Best Picture should have gone to this astonishingly bleak political thriller
Every day, Watch This offers staff recommendations inspired by a new movie coming out that week. This week: With the Oscars airing on Sunday, we look back at Best Picture nominees that should have won.
Z (1969)
Costa-Gavras’ Z may have won the Oscar for 1969’s Best Foreign Film, but as one of the few movies to be nominated in both categories, it should have also been named Best Picture—an honor that went to the superb, if nonetheless inferior, Midnight Cowboy. Shot in French, the Greek-born director’s third feature is based on Vassilis Vassilikos’ 1966 novel, and presents a fictionalized account of an assassination attempt that, as its introductory text bluntly states, is intended to resemble real life. Far from a staid docudrama account of an actual murder and the political/legal fallout, Z is a soaring thriller that rages with righteous fury. It’s an apt attitude for its story, which concerns the events surrounding a nuclear disarmament speech by democratic leader Deputy Grigoris Lambrakis (Yves Montand). His remarks are met with violent protests, tolerated (if not outright encouraged) by the police and its chief (Pierre Dux), who—in an opening scene—likens the “-isms” of the day (liberalism, socialism, communism) to corrosive mildew.

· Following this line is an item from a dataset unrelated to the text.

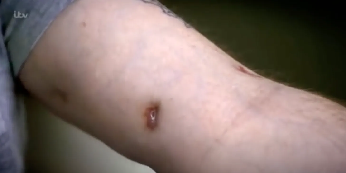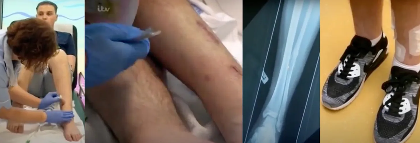 Although the programme draws the viewer’s attention to Lawler’s left leg, a more severe looking injury appears on the back of his right leg:

After Lambrakis’ rally, he’s mortally wounded by a man on a truck with a club, thus setting in motion an investigation that forms the heart of Z. Assigned to look into the murder, a young magistrate (Jean-Louis Trintignant) comes to understand that his bosses and the ruling military regime’s bigwigs expect him to deem the case a simple drunk-driving accident. Yet a raft of evidence courtesy of autopsies, witnesses, and photographs—some coming to his attention via the aid of a journalist (Jacques Perrin)—soon reveal a far larger conspiracy that puts him, and those around him, in jeopardy. Be it silent flashback montages that sharply interject themselves into the present-day action, or cross-cutting that works in tandem with handheld cinematography to create a sense of thrilling urgency, Z proves to be a taut, engrossing journey through a thicket of institutional corruption. It’s a procedural about individual and national crimes against democracy (and the truth) that’s ultimately so bleak, it almost veers into jet-black comedy.
Availability: Z is available on Criterion DVD, which can be obtained from Netflix or your local video store/library, and to rent or purchase from the major digital services.